The more I gave this post thought the more I realised that I only really have influences in my life, fleeting things that inspire me or motivate me. But that fleeting inspiration or motivation is not what I can call a hero.
Then I got to thinking about the days when heroes did exist. Real heroes that saved the day, made the front page of newspapers, captivated the hearts of those who looked up to them. Martin Luther King, Weary Dunlop, Mother Teresa, Ghandi, Mandela are the first few to come to mind. They are people who did extraordinary things in an extraordinary time.
Now it seems that time is filled with noise, lots and lots of noise. It is a cacophony of noise that drowns out heroes and drowns out even the idea of a hero. The scrolling Instagram, Twitter, Facebook feeds and instantaneous moments of influence, of envy, of admiration, of inspiration. Our contact with the world is scrolling, fast and instantaneous that it almost leaves no room for something to grow and become long lasting, let alone warrant hero status.
When I typed the word ‘hero’ into Google a very interesting set of results came up: the first being session times for the movie Hero, the second a Wikipedia entry, another movie Hero entry, a YouTube entry and even an entry for Hero condoms. An entry from dictionary.com told me that a hero is ‘a man of distinguished courage or ability, admired for his brave deeds and noble qualities’ which only further confirms to me that it seems our modern world is lost in the way of heroes. Simply the act of typing hero into Google told me that before any search results came up.

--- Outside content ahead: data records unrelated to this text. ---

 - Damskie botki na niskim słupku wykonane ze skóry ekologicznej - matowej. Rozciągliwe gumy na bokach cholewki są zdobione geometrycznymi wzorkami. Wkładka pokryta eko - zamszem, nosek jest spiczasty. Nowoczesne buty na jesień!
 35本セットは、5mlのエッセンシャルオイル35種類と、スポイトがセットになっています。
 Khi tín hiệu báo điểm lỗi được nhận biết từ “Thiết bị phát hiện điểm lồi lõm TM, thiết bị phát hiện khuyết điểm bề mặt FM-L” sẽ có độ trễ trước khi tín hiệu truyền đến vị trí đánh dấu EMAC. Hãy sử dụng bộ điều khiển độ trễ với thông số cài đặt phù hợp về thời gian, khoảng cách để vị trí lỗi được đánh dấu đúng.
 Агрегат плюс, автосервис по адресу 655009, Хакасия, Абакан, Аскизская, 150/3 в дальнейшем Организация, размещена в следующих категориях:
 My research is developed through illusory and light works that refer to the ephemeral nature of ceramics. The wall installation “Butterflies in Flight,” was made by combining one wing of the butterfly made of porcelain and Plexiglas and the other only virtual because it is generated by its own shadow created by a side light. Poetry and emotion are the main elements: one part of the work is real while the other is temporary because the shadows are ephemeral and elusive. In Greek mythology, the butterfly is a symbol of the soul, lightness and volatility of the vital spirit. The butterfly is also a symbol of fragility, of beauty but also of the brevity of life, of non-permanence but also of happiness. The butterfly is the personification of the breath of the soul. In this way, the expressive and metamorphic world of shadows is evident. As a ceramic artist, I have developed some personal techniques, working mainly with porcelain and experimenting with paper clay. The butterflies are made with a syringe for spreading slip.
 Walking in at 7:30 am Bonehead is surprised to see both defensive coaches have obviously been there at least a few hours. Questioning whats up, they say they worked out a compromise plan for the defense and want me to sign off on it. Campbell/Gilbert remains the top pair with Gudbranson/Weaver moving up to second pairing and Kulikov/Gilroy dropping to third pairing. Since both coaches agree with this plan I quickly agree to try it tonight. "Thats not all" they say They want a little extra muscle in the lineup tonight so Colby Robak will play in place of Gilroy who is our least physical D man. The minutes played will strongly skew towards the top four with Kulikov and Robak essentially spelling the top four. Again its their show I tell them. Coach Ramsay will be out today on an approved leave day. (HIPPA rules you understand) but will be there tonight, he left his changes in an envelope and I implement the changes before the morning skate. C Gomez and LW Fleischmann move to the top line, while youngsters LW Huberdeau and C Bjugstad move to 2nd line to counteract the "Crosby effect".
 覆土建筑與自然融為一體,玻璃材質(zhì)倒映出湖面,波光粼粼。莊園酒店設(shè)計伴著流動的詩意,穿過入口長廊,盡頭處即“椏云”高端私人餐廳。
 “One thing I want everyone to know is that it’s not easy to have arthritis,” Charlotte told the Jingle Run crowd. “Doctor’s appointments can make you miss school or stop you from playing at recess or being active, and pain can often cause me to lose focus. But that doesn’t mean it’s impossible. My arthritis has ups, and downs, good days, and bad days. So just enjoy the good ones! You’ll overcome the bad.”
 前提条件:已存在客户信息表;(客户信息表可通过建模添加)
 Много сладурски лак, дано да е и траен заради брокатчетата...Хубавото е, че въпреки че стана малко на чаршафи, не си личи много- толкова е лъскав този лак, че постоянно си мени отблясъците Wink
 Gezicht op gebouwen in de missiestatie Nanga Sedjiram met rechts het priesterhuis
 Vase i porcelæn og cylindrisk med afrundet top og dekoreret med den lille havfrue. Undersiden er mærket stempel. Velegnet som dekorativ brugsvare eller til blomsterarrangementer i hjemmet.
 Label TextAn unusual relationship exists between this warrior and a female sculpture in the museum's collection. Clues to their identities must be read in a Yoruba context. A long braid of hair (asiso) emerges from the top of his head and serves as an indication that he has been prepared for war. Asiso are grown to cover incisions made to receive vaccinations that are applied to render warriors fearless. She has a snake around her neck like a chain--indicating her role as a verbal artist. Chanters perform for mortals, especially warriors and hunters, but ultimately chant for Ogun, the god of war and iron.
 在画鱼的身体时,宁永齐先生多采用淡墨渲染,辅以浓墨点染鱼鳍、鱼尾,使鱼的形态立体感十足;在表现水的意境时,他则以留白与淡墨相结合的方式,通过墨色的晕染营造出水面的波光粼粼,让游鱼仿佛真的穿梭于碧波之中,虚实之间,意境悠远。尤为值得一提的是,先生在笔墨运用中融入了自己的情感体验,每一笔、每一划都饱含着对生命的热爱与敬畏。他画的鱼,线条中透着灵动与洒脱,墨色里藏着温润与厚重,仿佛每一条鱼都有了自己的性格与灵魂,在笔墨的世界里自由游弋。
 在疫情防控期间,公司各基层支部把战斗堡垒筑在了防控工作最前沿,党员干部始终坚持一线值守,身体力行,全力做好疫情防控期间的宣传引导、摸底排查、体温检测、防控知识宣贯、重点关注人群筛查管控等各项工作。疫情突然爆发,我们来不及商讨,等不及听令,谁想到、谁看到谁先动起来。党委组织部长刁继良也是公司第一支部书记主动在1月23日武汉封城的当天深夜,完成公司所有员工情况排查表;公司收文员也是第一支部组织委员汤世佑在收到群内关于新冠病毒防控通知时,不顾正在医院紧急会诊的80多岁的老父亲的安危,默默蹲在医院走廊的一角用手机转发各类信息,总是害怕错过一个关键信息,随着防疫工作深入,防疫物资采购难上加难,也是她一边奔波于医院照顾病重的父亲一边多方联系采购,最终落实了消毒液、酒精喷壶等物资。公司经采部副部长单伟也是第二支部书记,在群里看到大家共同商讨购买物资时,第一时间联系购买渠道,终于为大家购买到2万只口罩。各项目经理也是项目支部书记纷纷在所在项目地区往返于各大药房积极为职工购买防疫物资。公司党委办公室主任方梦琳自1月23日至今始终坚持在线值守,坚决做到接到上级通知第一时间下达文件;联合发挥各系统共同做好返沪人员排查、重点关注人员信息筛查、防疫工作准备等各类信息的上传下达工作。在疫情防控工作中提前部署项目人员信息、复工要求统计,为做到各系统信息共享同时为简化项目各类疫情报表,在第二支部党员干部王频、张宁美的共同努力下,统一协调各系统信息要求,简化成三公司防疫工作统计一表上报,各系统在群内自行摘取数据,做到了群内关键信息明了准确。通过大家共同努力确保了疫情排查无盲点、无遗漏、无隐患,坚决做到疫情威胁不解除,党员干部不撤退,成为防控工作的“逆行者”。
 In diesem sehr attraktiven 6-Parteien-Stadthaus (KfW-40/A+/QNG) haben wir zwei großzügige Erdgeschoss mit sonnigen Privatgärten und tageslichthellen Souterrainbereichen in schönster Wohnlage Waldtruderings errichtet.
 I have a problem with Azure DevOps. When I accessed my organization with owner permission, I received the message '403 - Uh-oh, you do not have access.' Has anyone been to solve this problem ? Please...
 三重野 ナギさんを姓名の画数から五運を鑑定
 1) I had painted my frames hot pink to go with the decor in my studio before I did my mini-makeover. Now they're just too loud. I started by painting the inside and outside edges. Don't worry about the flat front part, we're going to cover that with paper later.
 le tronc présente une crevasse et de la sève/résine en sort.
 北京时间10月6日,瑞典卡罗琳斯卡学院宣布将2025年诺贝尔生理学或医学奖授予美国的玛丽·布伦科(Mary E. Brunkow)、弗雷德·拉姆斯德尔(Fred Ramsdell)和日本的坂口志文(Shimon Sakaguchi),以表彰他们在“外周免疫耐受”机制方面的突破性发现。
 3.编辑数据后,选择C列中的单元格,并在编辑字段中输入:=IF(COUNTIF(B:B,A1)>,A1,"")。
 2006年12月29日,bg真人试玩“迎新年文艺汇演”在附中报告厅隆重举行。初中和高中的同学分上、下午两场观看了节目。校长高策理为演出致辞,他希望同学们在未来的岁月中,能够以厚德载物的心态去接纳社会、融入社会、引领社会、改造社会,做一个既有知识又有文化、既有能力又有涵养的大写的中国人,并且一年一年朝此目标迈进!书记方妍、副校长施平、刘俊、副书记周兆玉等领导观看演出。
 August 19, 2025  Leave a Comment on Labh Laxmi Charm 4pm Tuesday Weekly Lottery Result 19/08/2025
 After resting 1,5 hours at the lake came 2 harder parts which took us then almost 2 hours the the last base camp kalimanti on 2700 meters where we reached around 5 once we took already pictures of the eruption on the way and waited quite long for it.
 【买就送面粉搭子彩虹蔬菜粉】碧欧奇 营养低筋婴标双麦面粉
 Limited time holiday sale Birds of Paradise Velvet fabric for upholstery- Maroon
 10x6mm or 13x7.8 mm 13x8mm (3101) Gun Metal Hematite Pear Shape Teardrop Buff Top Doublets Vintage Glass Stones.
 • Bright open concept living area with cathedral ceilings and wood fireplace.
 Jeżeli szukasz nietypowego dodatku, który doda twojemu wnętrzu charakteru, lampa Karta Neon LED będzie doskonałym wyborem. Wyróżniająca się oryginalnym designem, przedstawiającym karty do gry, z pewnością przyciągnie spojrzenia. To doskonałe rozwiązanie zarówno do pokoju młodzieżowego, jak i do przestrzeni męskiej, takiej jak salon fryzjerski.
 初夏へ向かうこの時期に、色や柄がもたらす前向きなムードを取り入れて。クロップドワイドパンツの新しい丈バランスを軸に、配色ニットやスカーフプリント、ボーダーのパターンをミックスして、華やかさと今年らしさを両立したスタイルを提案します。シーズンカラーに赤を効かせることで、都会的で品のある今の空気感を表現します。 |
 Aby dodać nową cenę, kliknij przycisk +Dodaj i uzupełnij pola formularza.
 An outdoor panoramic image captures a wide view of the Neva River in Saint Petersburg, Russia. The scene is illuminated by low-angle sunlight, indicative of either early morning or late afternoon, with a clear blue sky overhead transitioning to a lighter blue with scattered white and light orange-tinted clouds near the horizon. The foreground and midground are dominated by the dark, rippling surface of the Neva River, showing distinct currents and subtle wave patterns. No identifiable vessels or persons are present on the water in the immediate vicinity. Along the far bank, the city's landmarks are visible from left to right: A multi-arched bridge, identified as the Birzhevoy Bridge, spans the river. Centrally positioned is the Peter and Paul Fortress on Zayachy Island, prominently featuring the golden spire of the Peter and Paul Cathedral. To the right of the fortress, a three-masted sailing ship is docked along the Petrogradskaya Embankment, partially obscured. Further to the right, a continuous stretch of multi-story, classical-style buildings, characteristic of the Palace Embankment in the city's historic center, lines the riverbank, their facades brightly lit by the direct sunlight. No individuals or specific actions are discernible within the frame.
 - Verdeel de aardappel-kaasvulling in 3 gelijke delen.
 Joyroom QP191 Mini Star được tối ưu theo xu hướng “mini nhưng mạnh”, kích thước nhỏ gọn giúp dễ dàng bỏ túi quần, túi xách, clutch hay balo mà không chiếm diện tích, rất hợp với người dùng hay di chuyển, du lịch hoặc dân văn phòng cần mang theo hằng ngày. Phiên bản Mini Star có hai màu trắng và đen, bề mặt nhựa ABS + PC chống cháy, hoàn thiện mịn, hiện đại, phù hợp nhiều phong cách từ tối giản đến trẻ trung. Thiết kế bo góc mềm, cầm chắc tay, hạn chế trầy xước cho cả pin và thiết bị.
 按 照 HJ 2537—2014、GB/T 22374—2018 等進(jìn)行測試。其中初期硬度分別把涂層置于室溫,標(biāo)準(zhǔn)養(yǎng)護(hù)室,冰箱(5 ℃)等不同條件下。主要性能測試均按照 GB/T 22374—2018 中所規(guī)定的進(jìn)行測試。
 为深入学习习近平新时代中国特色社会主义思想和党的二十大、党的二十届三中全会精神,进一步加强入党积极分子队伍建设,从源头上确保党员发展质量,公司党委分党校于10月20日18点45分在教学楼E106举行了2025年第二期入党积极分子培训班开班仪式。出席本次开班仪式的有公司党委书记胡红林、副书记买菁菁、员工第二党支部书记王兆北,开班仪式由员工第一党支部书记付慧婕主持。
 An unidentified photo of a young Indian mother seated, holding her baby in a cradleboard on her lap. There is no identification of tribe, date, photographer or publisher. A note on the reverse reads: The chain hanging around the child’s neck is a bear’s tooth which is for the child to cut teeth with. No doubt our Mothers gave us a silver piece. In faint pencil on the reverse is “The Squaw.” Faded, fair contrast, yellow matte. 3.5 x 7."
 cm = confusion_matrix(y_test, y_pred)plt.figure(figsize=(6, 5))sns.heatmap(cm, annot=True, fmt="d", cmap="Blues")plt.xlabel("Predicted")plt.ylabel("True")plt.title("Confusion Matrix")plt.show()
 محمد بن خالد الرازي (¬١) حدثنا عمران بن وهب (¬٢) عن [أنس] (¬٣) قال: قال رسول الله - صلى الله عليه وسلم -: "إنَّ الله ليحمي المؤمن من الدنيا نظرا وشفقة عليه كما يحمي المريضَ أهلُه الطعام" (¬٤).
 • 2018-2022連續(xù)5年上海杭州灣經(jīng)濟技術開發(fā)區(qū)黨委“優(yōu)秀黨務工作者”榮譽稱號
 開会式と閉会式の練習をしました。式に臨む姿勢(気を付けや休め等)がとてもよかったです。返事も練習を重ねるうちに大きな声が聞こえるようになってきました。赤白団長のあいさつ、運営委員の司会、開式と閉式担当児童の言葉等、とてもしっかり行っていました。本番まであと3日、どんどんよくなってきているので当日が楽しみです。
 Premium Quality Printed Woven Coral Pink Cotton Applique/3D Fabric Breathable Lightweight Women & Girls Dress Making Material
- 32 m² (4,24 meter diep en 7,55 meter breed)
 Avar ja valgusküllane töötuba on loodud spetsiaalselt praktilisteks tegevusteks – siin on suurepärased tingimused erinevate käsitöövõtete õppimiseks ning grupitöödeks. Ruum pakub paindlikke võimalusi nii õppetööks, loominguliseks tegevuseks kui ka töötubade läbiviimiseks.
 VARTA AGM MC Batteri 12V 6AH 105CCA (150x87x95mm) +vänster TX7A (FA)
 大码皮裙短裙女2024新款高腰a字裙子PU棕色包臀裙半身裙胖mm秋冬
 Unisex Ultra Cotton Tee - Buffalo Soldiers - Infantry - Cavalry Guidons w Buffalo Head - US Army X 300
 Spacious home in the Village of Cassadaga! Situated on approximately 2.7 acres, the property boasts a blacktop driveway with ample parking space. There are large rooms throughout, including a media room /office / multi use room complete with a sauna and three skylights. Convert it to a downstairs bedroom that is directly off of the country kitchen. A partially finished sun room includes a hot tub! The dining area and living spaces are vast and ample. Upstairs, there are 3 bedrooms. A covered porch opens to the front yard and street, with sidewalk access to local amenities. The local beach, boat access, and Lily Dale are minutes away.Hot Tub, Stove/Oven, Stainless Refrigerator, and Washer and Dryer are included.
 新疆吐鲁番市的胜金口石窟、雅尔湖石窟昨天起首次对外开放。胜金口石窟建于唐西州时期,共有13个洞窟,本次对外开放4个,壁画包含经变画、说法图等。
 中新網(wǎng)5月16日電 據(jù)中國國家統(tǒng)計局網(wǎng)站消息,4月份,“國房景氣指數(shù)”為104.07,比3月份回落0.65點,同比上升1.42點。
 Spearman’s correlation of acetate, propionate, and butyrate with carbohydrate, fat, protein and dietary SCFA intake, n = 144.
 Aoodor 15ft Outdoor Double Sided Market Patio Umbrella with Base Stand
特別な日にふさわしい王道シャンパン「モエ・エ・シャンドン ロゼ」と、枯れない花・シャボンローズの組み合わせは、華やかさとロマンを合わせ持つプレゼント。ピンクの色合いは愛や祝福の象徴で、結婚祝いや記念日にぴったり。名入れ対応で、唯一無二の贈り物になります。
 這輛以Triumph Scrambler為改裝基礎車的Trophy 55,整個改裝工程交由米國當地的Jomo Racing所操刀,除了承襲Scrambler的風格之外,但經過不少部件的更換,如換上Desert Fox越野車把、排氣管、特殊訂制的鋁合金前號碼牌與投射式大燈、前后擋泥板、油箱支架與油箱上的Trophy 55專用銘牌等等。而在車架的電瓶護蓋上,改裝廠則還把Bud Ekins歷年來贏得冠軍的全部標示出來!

I’m not sure. Maybe this is one of those posts that will end with no real ending. Part of me feels somehow that my contact with the world is more of a distraction these days than anything else. Part of me feels that maybe I need to find the hero within myself before I can see it in others. Part of me feels that the world needs heroes now more than ever.
I’m happy for the jury to still be out on this one. For life and its lessons to keep weaving a path whereby maybe one day I can write this post with a more definitive answer and know the heroes in my life. Till then, tell me do you think the way is lost for heroes in today’s world? Or is it all simply a matter of perception?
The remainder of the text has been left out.